▶ _PROBLEM TO WORK ON_: Keep every word of the listing and reproduce it exactly, but set aside any image found there.

▶ _SUPPLIED MATERIAL_:

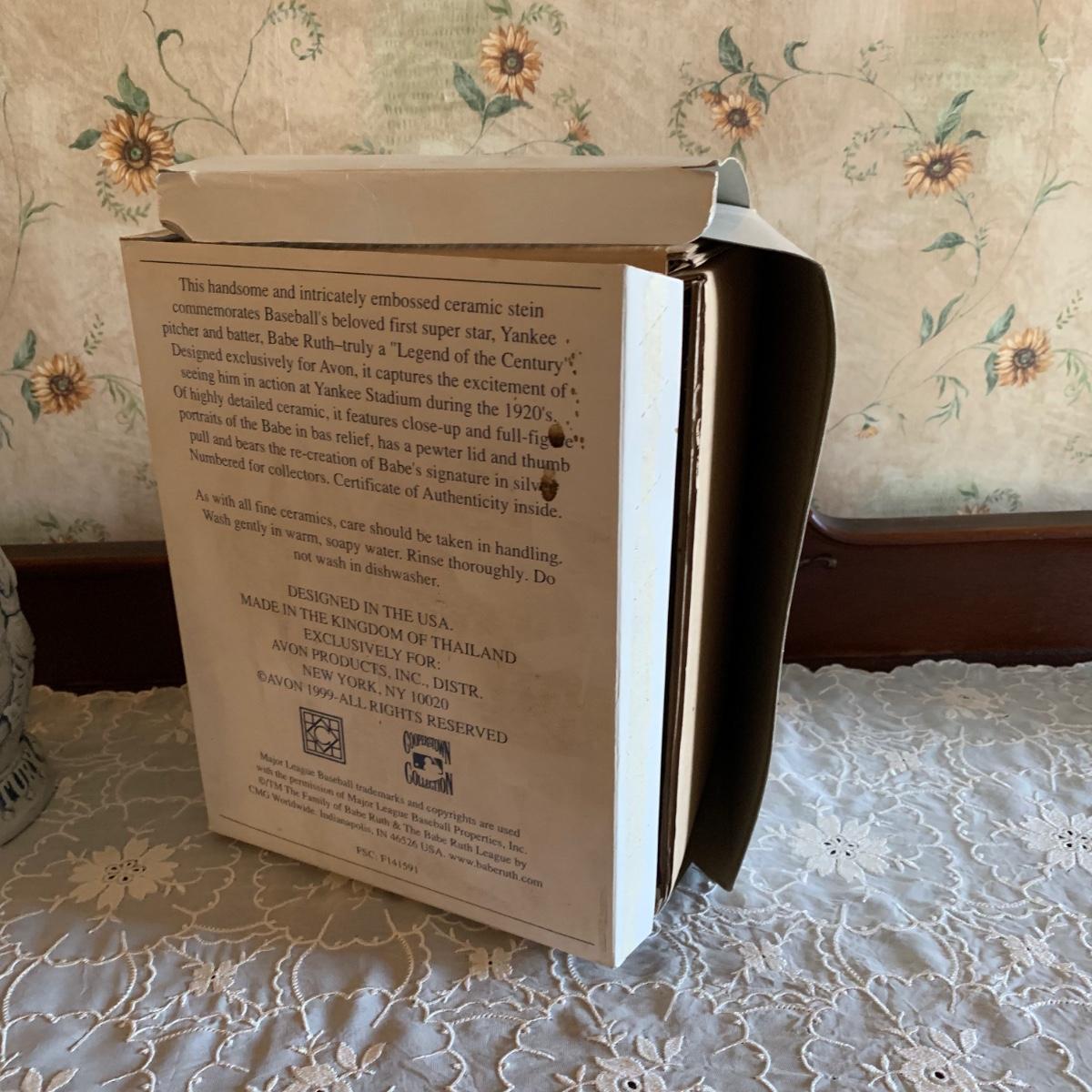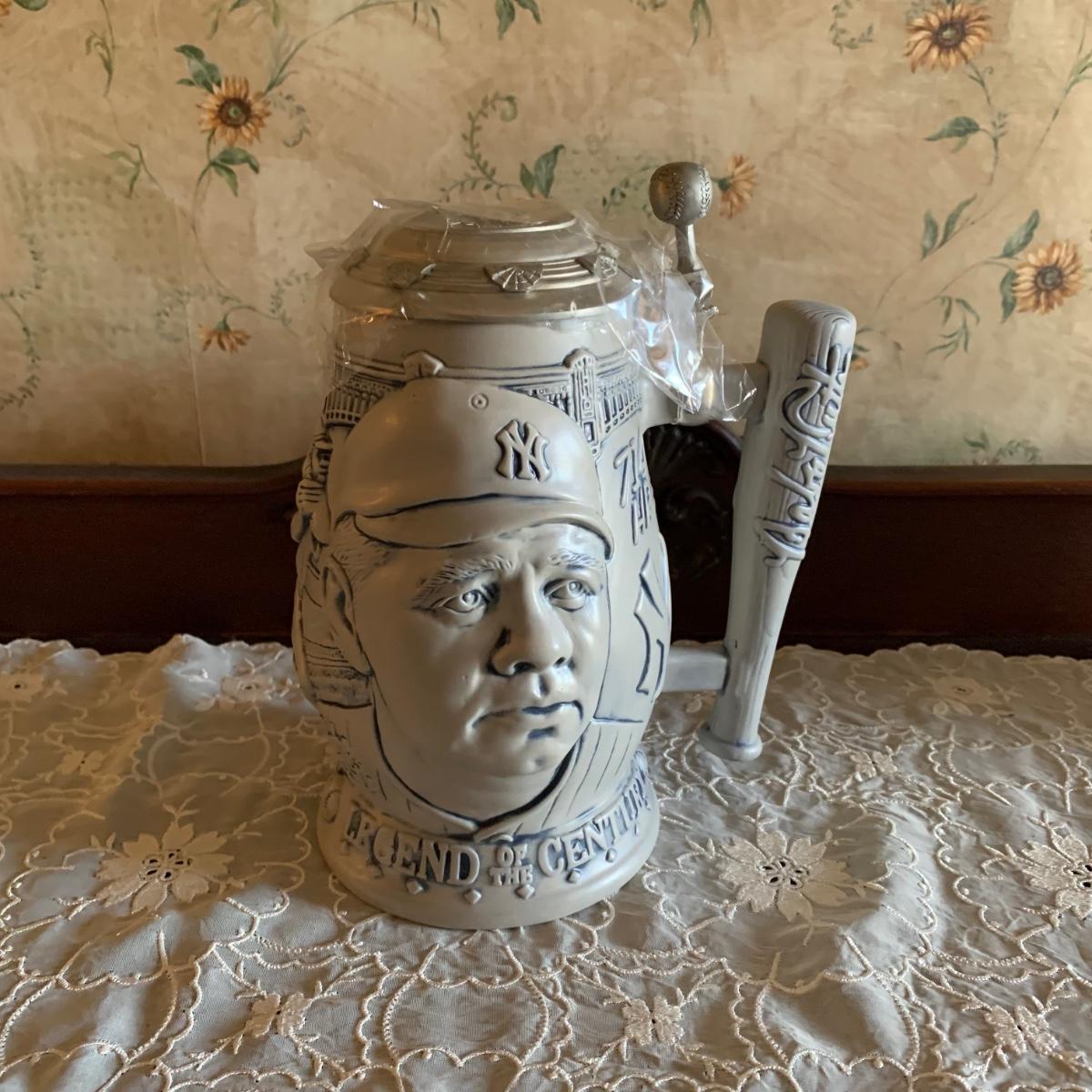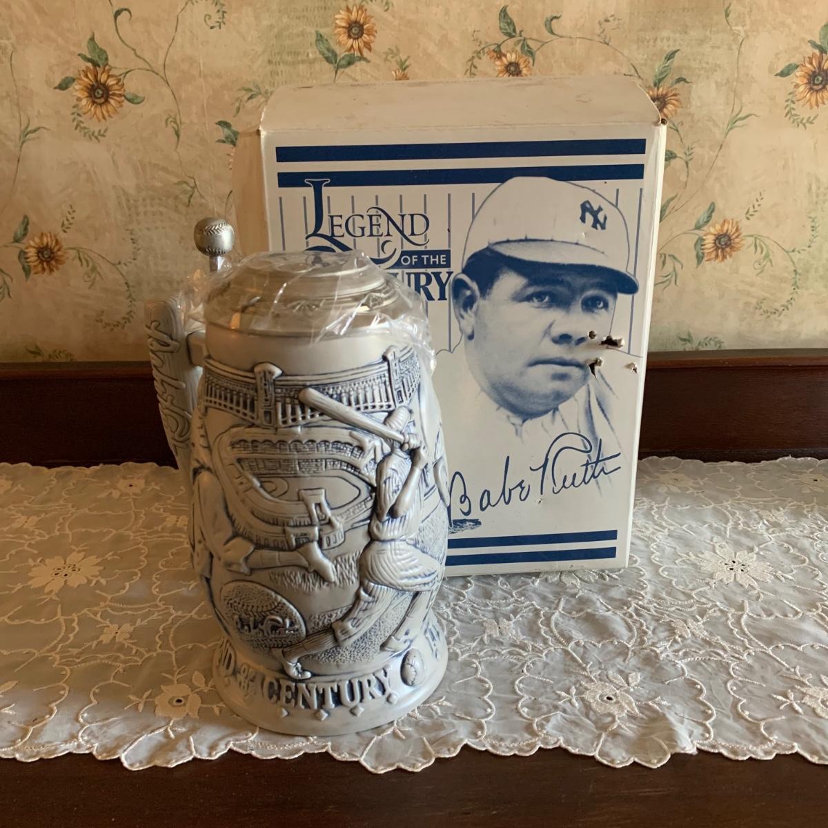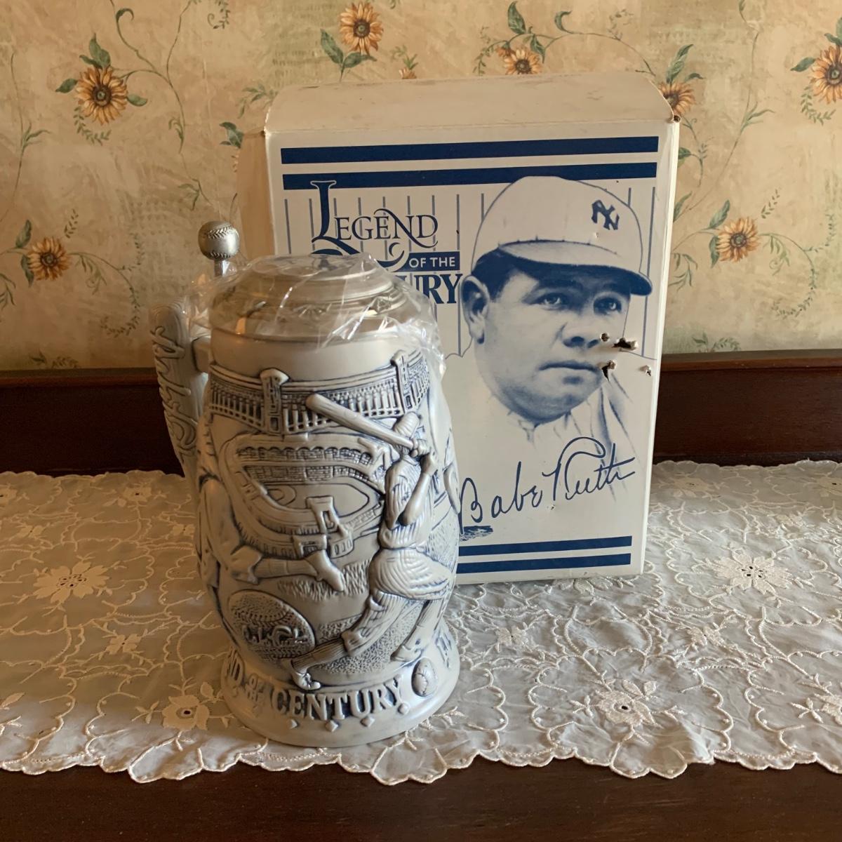 Babe Ruth stein includes original box with condition issues due to age & storage.
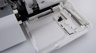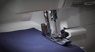 Just slide the needle plate setting knob to the "R" position to switch the stitch finger for rolled hemming.
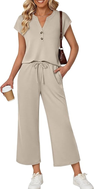 WIHOLL 2 Piece Sets for Women Casual Summer Travel Vacation Outfits Cap Sleeve Lounge Set

▶ _FINISHED EXERCISE_:
 Babe Ruth stein includes original box with condition issues due to age & storage.
 Just slide the needle plate setting knob to the "R" position to switch the stitch finger for rolled hemming.
 WIHOLL 2 Piece Sets for Women Casual Summer Travel Vacation Outfits Cap Sleeve Lounge Set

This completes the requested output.